Items listed in a dataset:
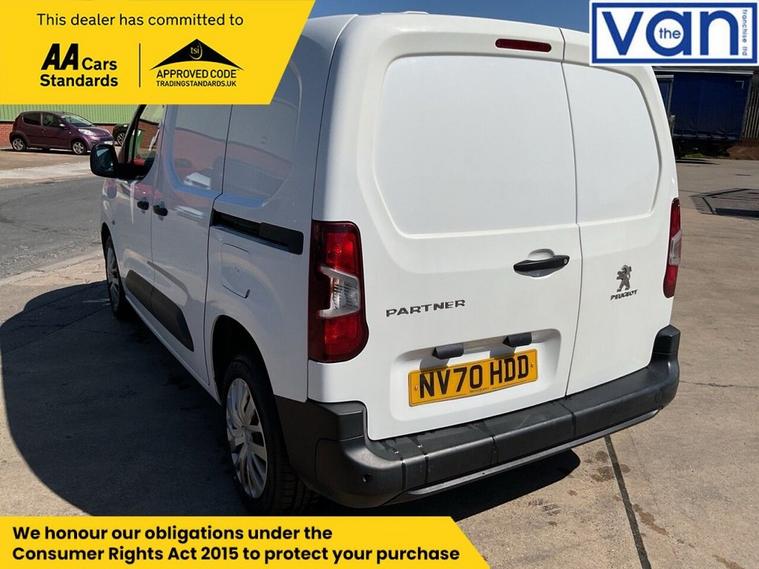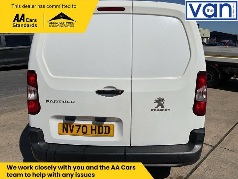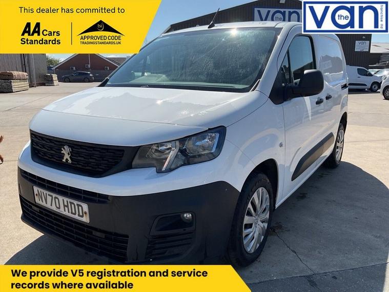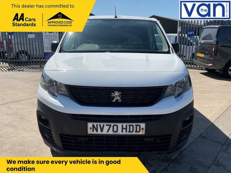 This 2021 Peugeot Partner is a superb example, having had only one owner since new. This BlueHDi 1000 Professional Standard Panel Van SWB Euro 6 (s/s) 5dr model is powered by an efficient 1.5 litre diesel engine and boasts the Professional trim level. Inside, youll find the innovative PEUGEOT i Cockpit with a head up display and compact steering wheel, alongside an 8 inch capacitive colour touchscreen featuring Connect DAB Radio, Bluetooth handsfree and a USB socket. For added convenience and safety, it includes rear parking sensors and height adjustable halogen headlights with automatic illumination and daytime running lights, all complemented by air conditioning. This Peugeot Partner stands out with an impressive fuel economy of 54 miles per gallon, indicating its efficiency compared to other vehicles. It also benefits from low CO2 emissions, making it an environmentally conscious choice. With a generous cargo volume of 3900 litres, this van offers ample space for your business needs, further enhanced by its Euro 6 compliant engine.
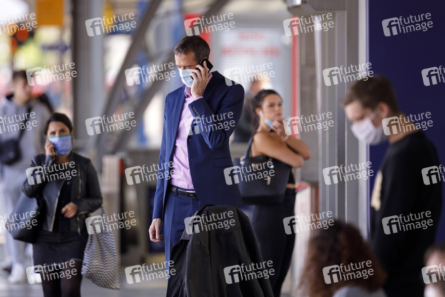 DB, Deutsche Bahn, Hauptbahnhof, Maskenpflicht in öffentlichen Verkehrsmitteln, öffentliche Verkehrsmittel, Bus, Busse, Bahn, Bahnen, Zug, Züge, maskiert, vermummt, Vermummung, NRW, Maske, Masken, Masken-Pflicht, Gesichtsmaske, Behelfsmaske, Behelfsmasken, Straßenbild, Öffentlichkeit, öffentlicher Raum, Maske tragen, Masken tragen, Mindestabstand, Lockerung der Corona-Maßnahmen, Tröpfcheninfektion, Spritzschutz, Eindämmung, Virenschutz, Übertragung, Maskenzwang, Bußgelder, Ordnungsgelder, Corona-Gesetze, Durchseuchung, immun, Immunität, Reproduktionszahl, Seuchenschutz, Virologie, Infektionsschutz, Atemschutz, Atemschutzmaske, Virenschutz, Schutzmaske, Schutzmasken, Atemschutzmasken, Maske, Masken, FFP1, FFP2, FFP3, FFP-Schutzklassen, Schutzklasse, Mundschutz, Mundschutzpflicht, Mund-Schutz, Mundschutz-Pflicht, Mund-Nase-Schutz, Mund-Nasen-Schutz, MNS, Ausbreitung, Corona-Schutz, Virus, Viren, Corona, Sars-CoV-2, Covid-19, Coronavirus, Coronaviren, Corona-Virus, Corona-Viren, Ansteckung, Ansteckungsgefahr, Epidemie, Pandemie, Infektion, Infektionen, schützen, Schutz, Maßnahmen, Neuansteckungen, Ansteckung, Coronakrise, Corona-Krise, Coronamaßnahmen, Corona-Schutz, Corona-Maßnahmen, Papiermaske, Papiermasken, Kontaktverbot, Ausgangsbeschränkungen, Mindestabstand, Ausgangssperre, Lockdown, Lock Down, Symbolfoto, Symbolbild
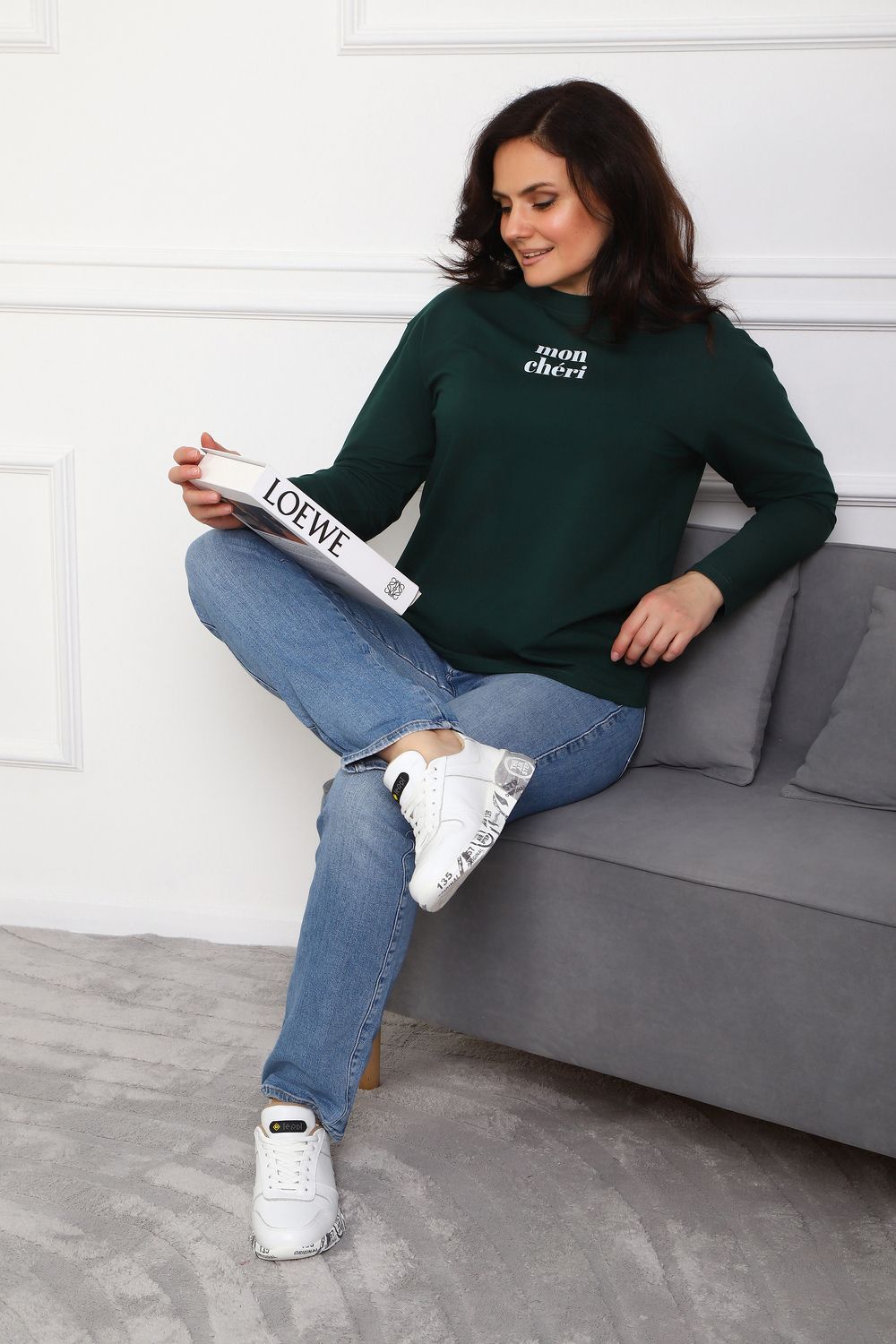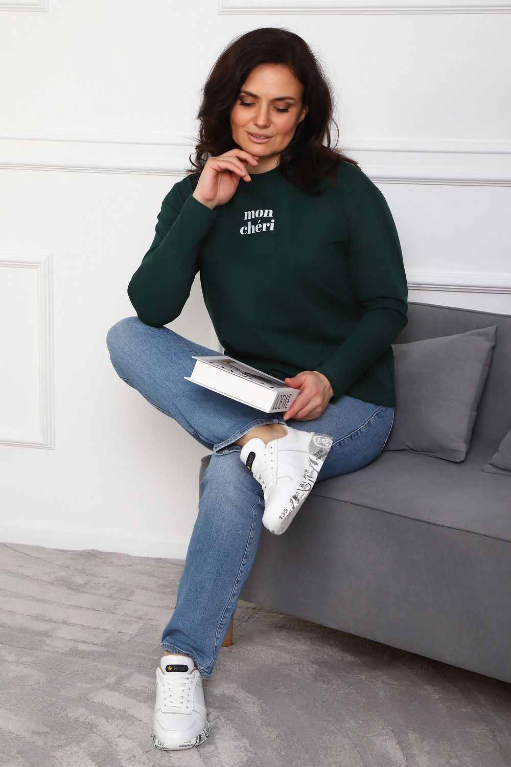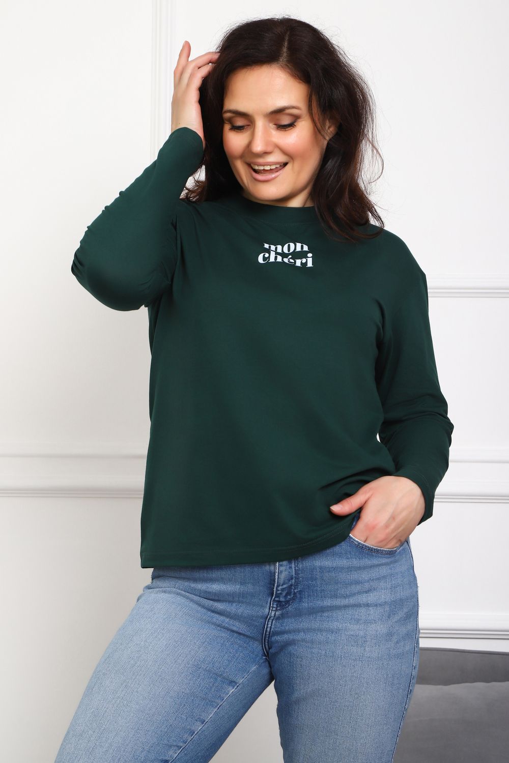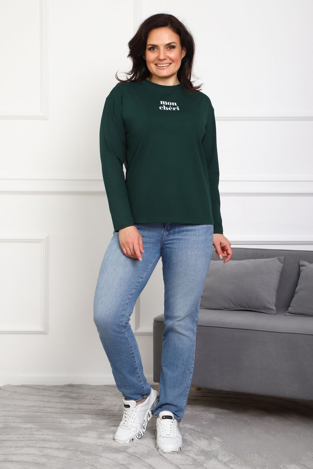 Лонгслив женский MON CHERI Женский лонгслив свободой посадки изготовлен из мягкой и приятной к телу кулирки, которая состоит из высококачественного хлопка (95%) и небольшого процента лайкры (5%), обеспечивающей лёгкую эластичность и долговечность изделия. Свободный прямой и удлиненный крой подчеркивает удобство и расслабленный стиль, позволяя носить его ежедневно. Длинные рукава и круглая горловина создают гармоничный внешний вид, подчеркивая женственность и утончённость. Элегантный минималистичный принт на груди с романтичным французским выражением "Mon Cheri" привносит особую атмосферу романтики и легкости в образ. Важным преимуществом является сдвоенный размер, позволяющий комфортно подобрать модель каждой женщине, независимо от особенностей фигуры. Данный лонгслив станет идеальным выбором для тех, кто ценит сочетание комфорта, удобства и современного дизайна.
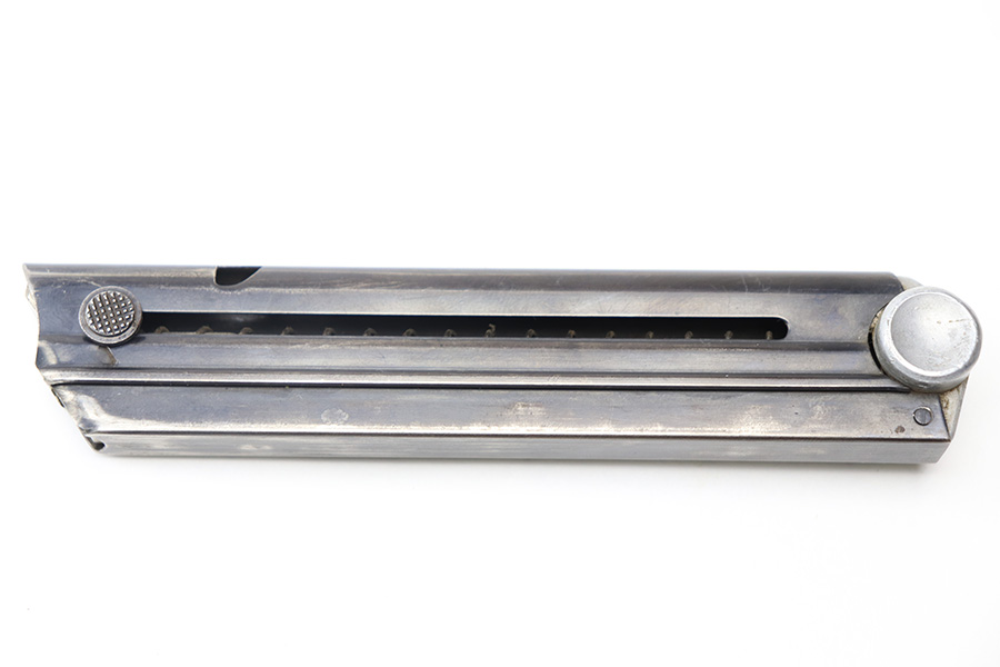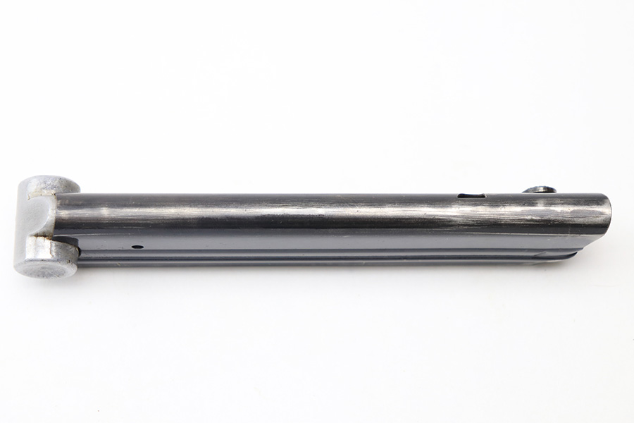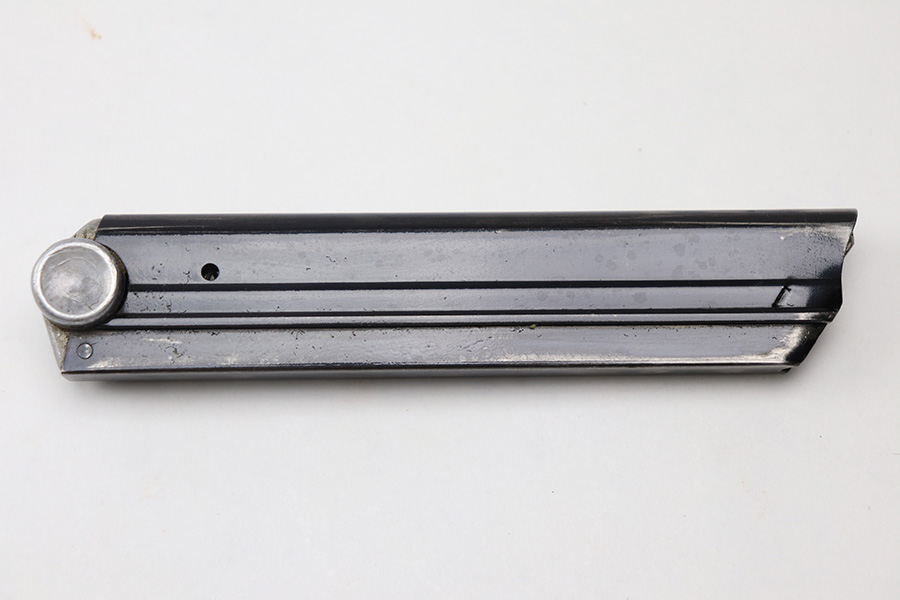 1/3/21 – This is a great example of a Luger magazine from WW2. The blued tube is in great condition with only minor use wear primarily isolated to the spines and edges of the magazine. The magazine’s bottom is marked with serial number “4775d”, a “+”, and a “E/63” proof. The spring and follower are strong and functional.
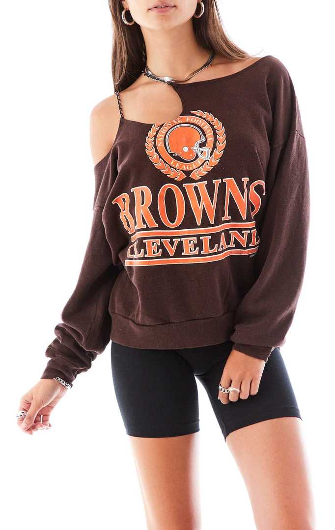 Cozy, but cute? Say less. This one of a kind vintage Cleveland Browns sweatshirt is raising the bar for reworked vintage. Featuring a peek-a-boo cut out shoulder moment with double chain detailing, Furst of a Kind has out done themselves yet again this season. You thought the tank version sold out fast? You better add to cart like, yesterday.
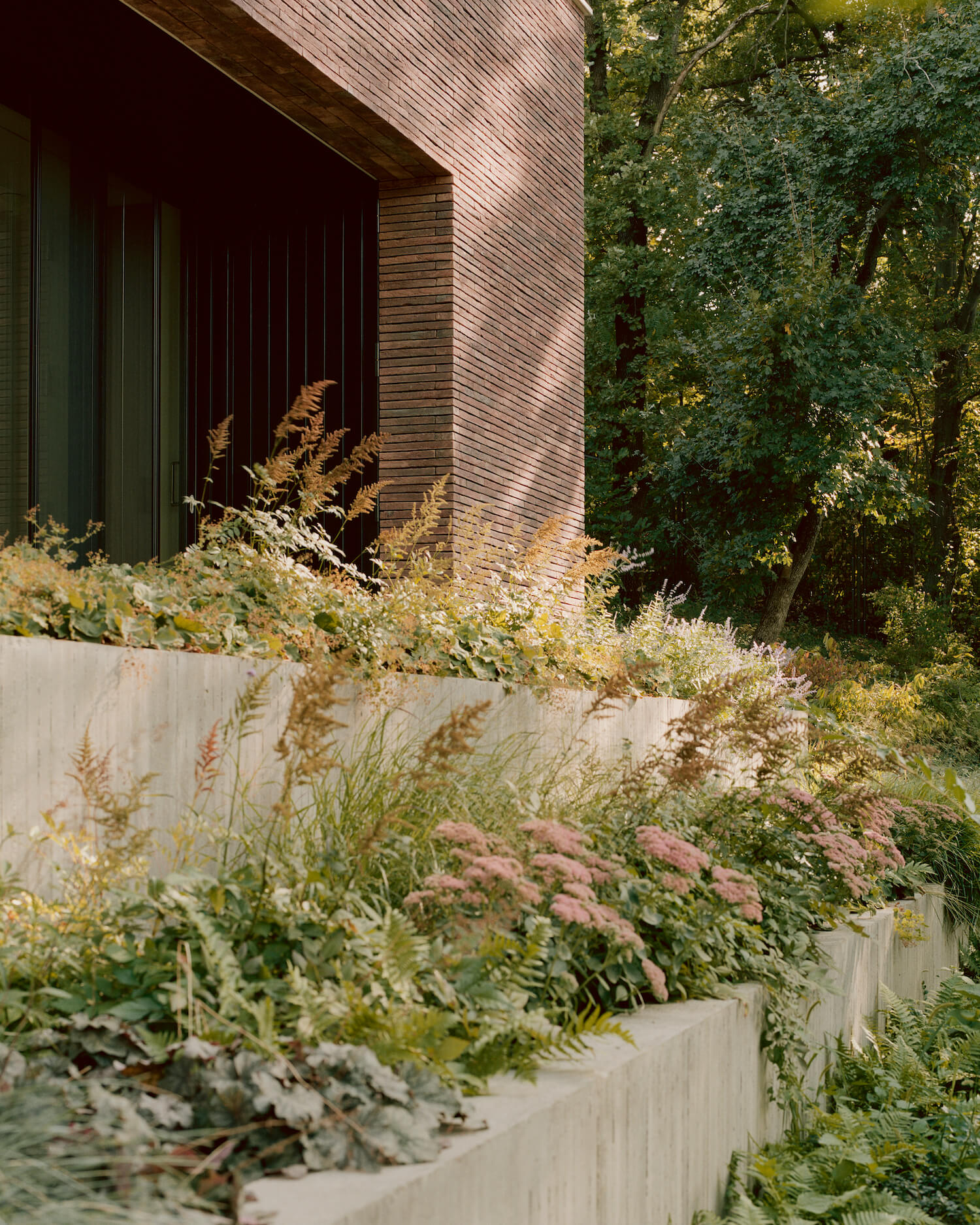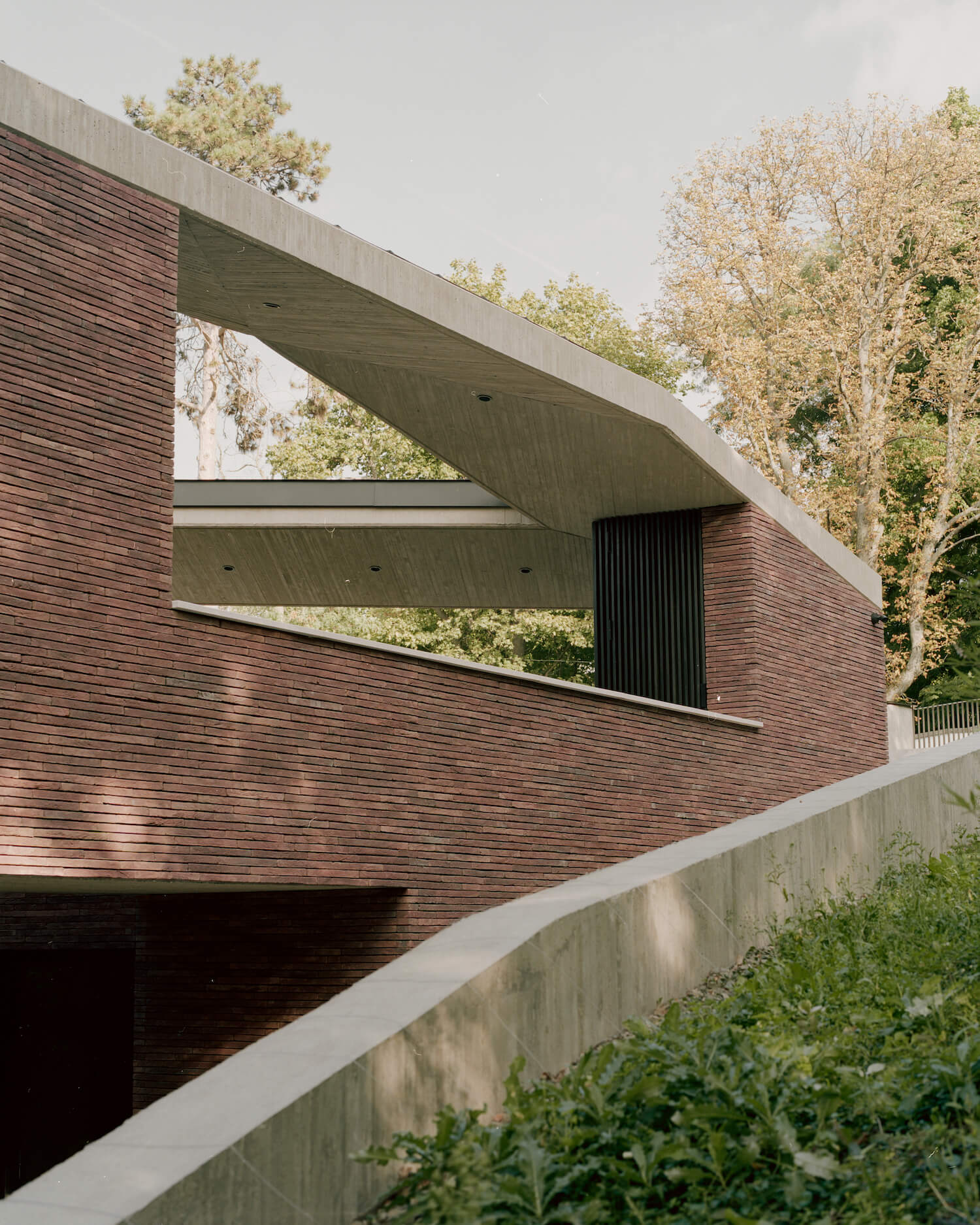 외관은 구조용 콘크리트의 견고함과 내구성을 위해 통풍이 되는 길쭉한 벽돌 피복재를 사용하였습니다. 도장 목재 패널은 지붕의 후퇴된 표면을 장식하였으며 문과 창문은 검은색 알루미늄을 선택하였습니다. 내부적으로는 노출 콘크리트 빔과 목재 지붕 구조로 공간을 규정하여 건축적 특징을 강화하는 미니멀리즘 인테리어 악센트를 가능하게 하는 등 재료적 이중성을 나타냅니다.

To do → Pictures stay out, and every line of the records is transcribed exactly.

Your response →
 This 2021 Peugeot Partner is a superb example, having had only one owner since new. This BlueHDi 1000 Professional Standard Panel Van SWB Euro 6 (s/s) 5dr model is powered by an efficient 1.5 litre diesel engine and boasts the Professional trim level. Inside, youll find the innovative PEUGEOT i Cockpit with a head up display and compact steering wheel, alongside an 8 inch capacitive colour touchscreen featuring Connect DAB Radio, Bluetooth handsfree and a USB socket. For added convenience and safety, it includes rear parking sensors and height adjustable halogen headlights with automatic illumination and daytime running lights, all complemented by air conditioning. This Peugeot Partner stands out with an impressive fuel economy of 54 miles per gallon, indicating its efficiency compared to other vehicles. It also benefits from low CO2 emissions, making it an environmentally conscious choice. With a generous cargo volume of 3900 litres, this van offers ample space for your business needs, further enhanced by its Euro 6 compliant engine.
 DB, Deutsche Bahn, Hauptbahnhof, Maskenpflicht in öffentlichen Verkehrsmitteln, öffentliche Verkehrsmittel, Bus, Busse, Bahn, Bahnen, Zug, Züge, maskiert, vermummt, Vermummung, NRW, Maske, Masken, Masken-Pflicht, Gesichtsmaske, Behelfsmaske, Behelfsmasken, Straßenbild, Öffentlichkeit, öffentlicher Raum, Maske tragen, Masken tragen, Mindestabstand, Lockerung der Corona-Maßnahmen, Tröpfcheninfektion, Spritzschutz, Eindämmung, Virenschutz, Übertragung, Maskenzwang, Bußgelder, Ordnungsgelder, Corona-Gesetze, Durchseuchung, immun, Immunität, Reproduktionszahl, Seuchenschutz, Virologie, Infektionsschutz, Atemschutz, Atemschutzmaske, Virenschutz, Schutzmaske, Schutzmasken, Atemschutzmasken, Maske, Masken, FFP1, FFP2, FFP3, FFP-Schutzklassen, Schutzklasse, Mundschutz, Mundschutzpflicht, Mund-Schutz, Mundschutz-Pflicht, Mund-Nase-Schutz, Mund-Nasen-Schutz, MNS, Ausbreitung, Corona-Schutz, Virus, Viren, Corona, Sars-CoV-2, Covid-19, Coronavirus, Coronaviren, Corona-Virus, Corona-Viren, Ansteckung, Ansteckungsgefahr, Epidemie, Pandemie, Infektion, Infektionen, schützen, Schutz, Maßnahmen, Neuansteckungen, Ansteckung, Coronakrise, Corona-Krise, Coronamaßnahmen, Corona-Schutz, Corona-Maßnahmen, Papiermaske, Papiermasken, Kontaktverbot, Ausgangsbeschränkungen, Mindestabstand, Ausgangssperre, Lockdown, Lock Down, Symbolfoto, Symbolbild
 Лонгслив женский MON CHERI Женский лонгслив свободой посадки изготовлен из мягкой и приятной к телу кулирки, которая состоит из высококачественного хлопка (95%) и небольшого процента лайкры (5%), обеспечивающей лёгкую эластичность и долговечность изделия. Свободный прямой и удлиненный крой подчеркивает удобство и расслабленный стиль, позволяя носить его ежедневно. Длинные рукава и круглая горловина создают гармоничный внешний вид, подчеркивая женственность и утончённость. Элегантный минималистичный принт на груди с романтичным французским выражением "Mon Cheri" привносит особую атмосферу романтики и легкости в образ. Важным преимуществом является сдвоенный размер, позволяющий комфортно подобрать модель каждой женщине, независимо от особенностей фигуры. Данный лонгслив станет идеальным выбором для тех, кто ценит сочетание комфорта, удобства и современного дизайна.
 1/3/21 – This is a great example of a Luger magazine from WW2. The blued tube is in great condition with only minor use wear primarily isolated to the spines and edges of the magazine. The magazine’s bottom is marked with serial number “4775d”, a “+”, and a “E/63” proof. The spring and follower are strong and functional.
 Cozy, but cute? Say less. This one of a kind vintage Cleveland Browns sweatshirt is raising the bar for reworked vintage. Featuring a peek-a-boo cut out shoulder moment with double chain detailing, Furst of a Kind has out done themselves yet again this season. You thought the tank version sold out fast? You better add to cart like, yesterday.
 외관은 구조용 콘크리트의 견고함과 내구성을 위해 통풍이 되는 길쭉한 벽돌 피복재를 사용하였습니다. 도장 목재 패널은 지붕의 후퇴된 표면을 장식하였으며 문과 창문은 검은색 알루미늄을 선택하였습니다. 내부적으로는 노출 콘크리트 빔과 목재 지붕 구조로 공간을 규정하여 건축적 특징을 강화하는 미니멀리즘 인테리어 악센트를 가능하게 하는 등 재료적 이중성을 나타냅니다.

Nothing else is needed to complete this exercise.